L’Iran aujourd’hui est plus qu’heureux de continuer à nourrir cette illusion par un engagement diplomatique limité, à condition que l’Amérique continue de fermer les yeux sur ses avancées militaires sur le terrain, tout en offrant à Téhéran un court chemin, par le biais de l’accord nucléaire, pour parvenir à un environnement totalement libre et développer son programme nucléaire. C’est ainsi que la conception de l’ordre régional adoptée par Obama n’a pas conduit à «l’équilibre» qu’il imaginait, mais au chaos et à l’affaiblissement marqué du système de sécurité américain.

Dans la conception de Trump, en revanche, le Moyen-Orient n’est pas une table ronde, mais une table rectangulaire. D’un côté, il y a les États-Unis et leurs alliés traditionnels. De l’autre côté se trouvent ses adversaires : la Russie et l’Iran, leurs supplétifs et les groupes terroristes sunnites. Dans cette conception, le travail des États-Unis consiste à élever le pouvoir de leurs amis sur leurs adversaires tout en jouant simultanément le rôle de médiateur parmi les alliés, qui forment un groupe fractionné.

Je le répète : le choix auquel sont confrontés les Américains et leurs alliés au Moyen-Orient est clair. Il s’agit de chercher à convaincre l’Iran par le biais de concessions et d’émoluments américains ou, au contraire, de le contenir (ainsi que la Russie) par la pression financière américaine et les pressions militaires et diplomatiques de ses alliés. Et ce n’est vraiment pas un choix du tout, car l’échec abject fait partie intégrante de l’approche de l’administration précédente. L’approche actuelle est la seule option viable qui offre une chance de succès.

En mars dernier, lorsque le Sénat a abordé pour la première fois la question de savoir s’il fallait punir les Saoudiens du Yémen, Lindsey Graham, qui n’avait pas encore été victime de la panique morale, a parlé judicieusement. « Les failles du gouvernement saoudien sont réelles », a-t-il déclaré. «Mais mes amis [républicains] de l’autre côté. . . mettent constamment l’Arabie saoudite et l’Iran sur le même pied. Je pense que c’est une analyse très imprudente – de suggérer que l’Arabie saoudite est aussi mauvaise que l’Iran passe juste à côté du point important. « 

Le point crucial est le suivant : un allié est un État qui soutient le système de sécurité américain. Deux questions devraient donc décider si l’Amérique considère un État comme un ami ou un ennemi. L’État contribuera-t-il activement à la défense de ce système contre ceux qui cherchent à l’affaiblir ou à le détruire – la Russie, la Chine et l’Iran -? S’il n’agit pas, refusera-t-il au moins son territoire et ses ressources aux ennemis de l’Amérique?
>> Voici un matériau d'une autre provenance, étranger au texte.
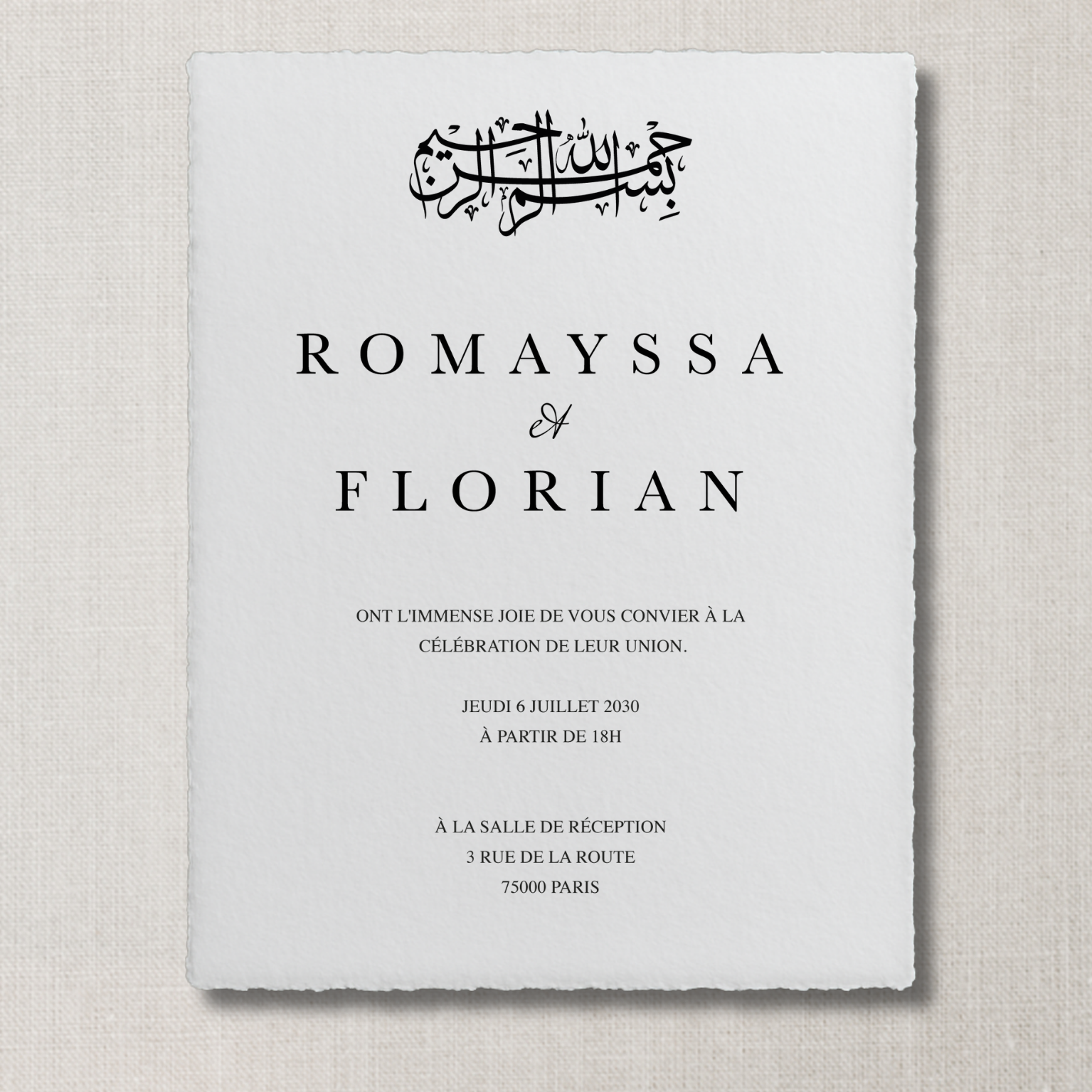 Le design présenté est fixe : seule la personnalisation du texte est incluse.Pour toute demande sur-mesure (modification de la mise en page, typographie, couleurs, etc.), merci de nous contacter directement via WhatsApp : +33626550575

Au Moyen-Orient, sinon dans le monde, ces questions devraient avoir la priorité. Lorsqu’un allié trébuche, nous devons l’aider à se remettre sur pied. Lorsque notre ennemi trébuche, nous devrions aider à le maintenir au sol. Toute considération qui subvertit cette logique élémentaire, aussi apparente même si elle est «morale» à la surface, est fondamentalement mal fondée. Les choix au Moyen-Orient sont difficiles : soit les États-Unis vont construire un système de sécurité avec leurs propres forces militaires, soit avec les forces armées de leurs alliés, soit ils n’en auront pas du tout. En l’absence d’un système de sécurité viable, son influence morale dans le monde diminuera considérablement.

Les sages juifs disent : «Sans pain, il n’y a pas de Torah. » En politique étrangère, on pourrait dire de la même manière : « Sans sécurité fondamentale, il n’y a pas de valeurs américaines. » Il y a là des leçons à tirer pour les politiciens américains des deux camps partisans d’Israël, et pour les amoureux et les promoteurs de la liberté à travers le monde.